• Exercise: How do the lines below between the ones holding "夫婦同姓と同時に日本政府が導" and "コードを書き終えたら編集画面の左上、[保存] -> [公開]の順番でクリックします。", inclusive, read? Give them again exactly, with no other lines.

• Listed entries:

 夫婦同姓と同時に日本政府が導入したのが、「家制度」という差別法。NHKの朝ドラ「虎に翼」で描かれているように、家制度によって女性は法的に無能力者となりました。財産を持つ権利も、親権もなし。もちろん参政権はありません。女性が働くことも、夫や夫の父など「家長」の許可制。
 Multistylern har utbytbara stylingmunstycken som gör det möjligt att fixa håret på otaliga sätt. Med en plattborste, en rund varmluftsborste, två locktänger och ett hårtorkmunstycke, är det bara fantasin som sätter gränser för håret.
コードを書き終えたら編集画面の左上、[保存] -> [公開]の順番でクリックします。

--

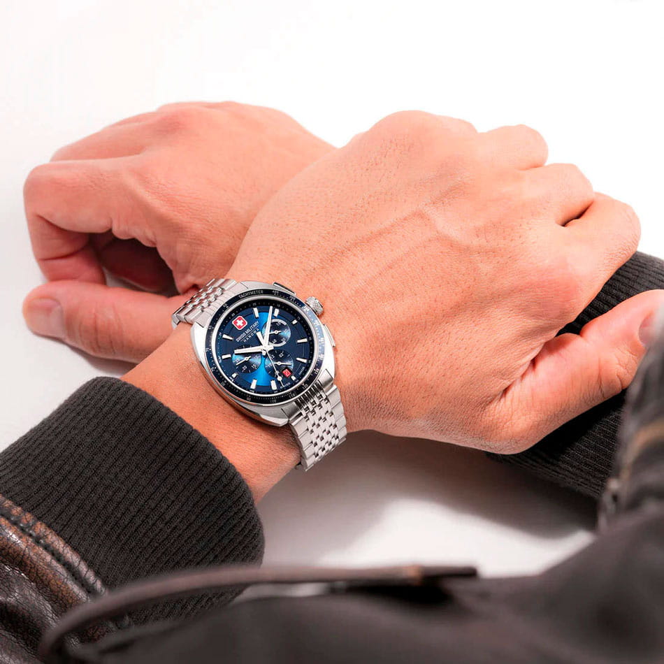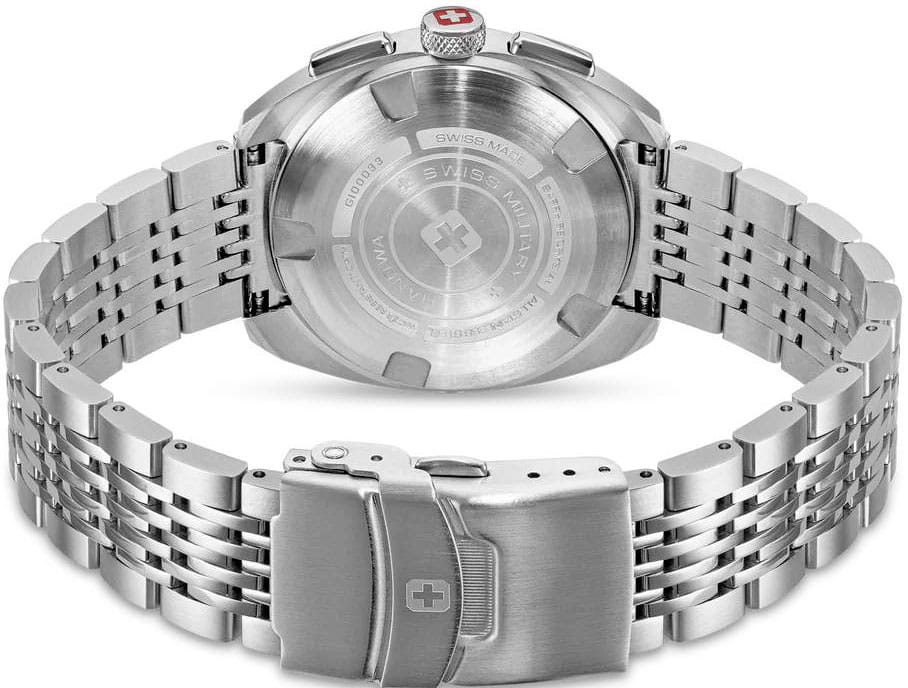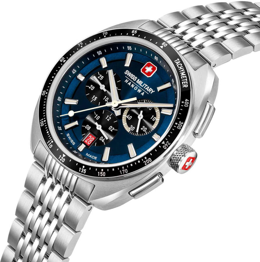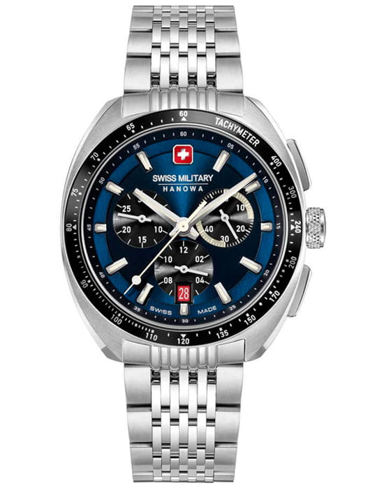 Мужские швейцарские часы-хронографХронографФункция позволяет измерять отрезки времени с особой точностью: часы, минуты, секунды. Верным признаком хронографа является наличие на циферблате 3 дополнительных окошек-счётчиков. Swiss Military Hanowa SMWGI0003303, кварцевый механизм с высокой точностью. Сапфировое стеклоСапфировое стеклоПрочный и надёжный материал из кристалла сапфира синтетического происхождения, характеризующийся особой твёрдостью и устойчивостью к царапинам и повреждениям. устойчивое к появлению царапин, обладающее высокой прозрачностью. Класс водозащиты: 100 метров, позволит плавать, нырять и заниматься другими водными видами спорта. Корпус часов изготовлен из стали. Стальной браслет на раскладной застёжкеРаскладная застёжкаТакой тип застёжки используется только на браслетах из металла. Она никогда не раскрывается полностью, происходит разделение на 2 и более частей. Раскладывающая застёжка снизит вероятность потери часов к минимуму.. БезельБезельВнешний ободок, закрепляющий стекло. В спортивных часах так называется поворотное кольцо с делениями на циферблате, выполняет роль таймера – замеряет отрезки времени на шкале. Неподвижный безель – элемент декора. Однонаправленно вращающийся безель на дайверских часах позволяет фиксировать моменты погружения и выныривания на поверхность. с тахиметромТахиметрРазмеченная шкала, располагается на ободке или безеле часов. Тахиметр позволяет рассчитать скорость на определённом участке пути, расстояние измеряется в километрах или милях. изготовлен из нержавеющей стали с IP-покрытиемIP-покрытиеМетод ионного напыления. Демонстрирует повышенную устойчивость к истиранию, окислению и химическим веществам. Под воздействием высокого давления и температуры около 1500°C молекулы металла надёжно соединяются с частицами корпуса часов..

• Problem solution:
 夫婦同姓と同時に日本政府が導入したのが、「家制度」という差別法。NHKの朝ドラ「虎に翼」で描かれているように、家制度によって女性は法的に無能力者となりました。財産を持つ権利も、親権もなし。もちろん参政権はありません。女性が働くことも、夫や夫の父など「家長」の許可制。
 Multistylern har utbytbara stylingmunstycken som gör det möjligt att fixa håret på otaliga sätt. Med en plattborste, en rund varmluftsborste, två locktänger och ett hårtorkmunstycke, är det bara fantasin som sätter gränser för håret.
コードを書き終えたら編集画面の左上、[保存] -> [公開]の順番でクリックします。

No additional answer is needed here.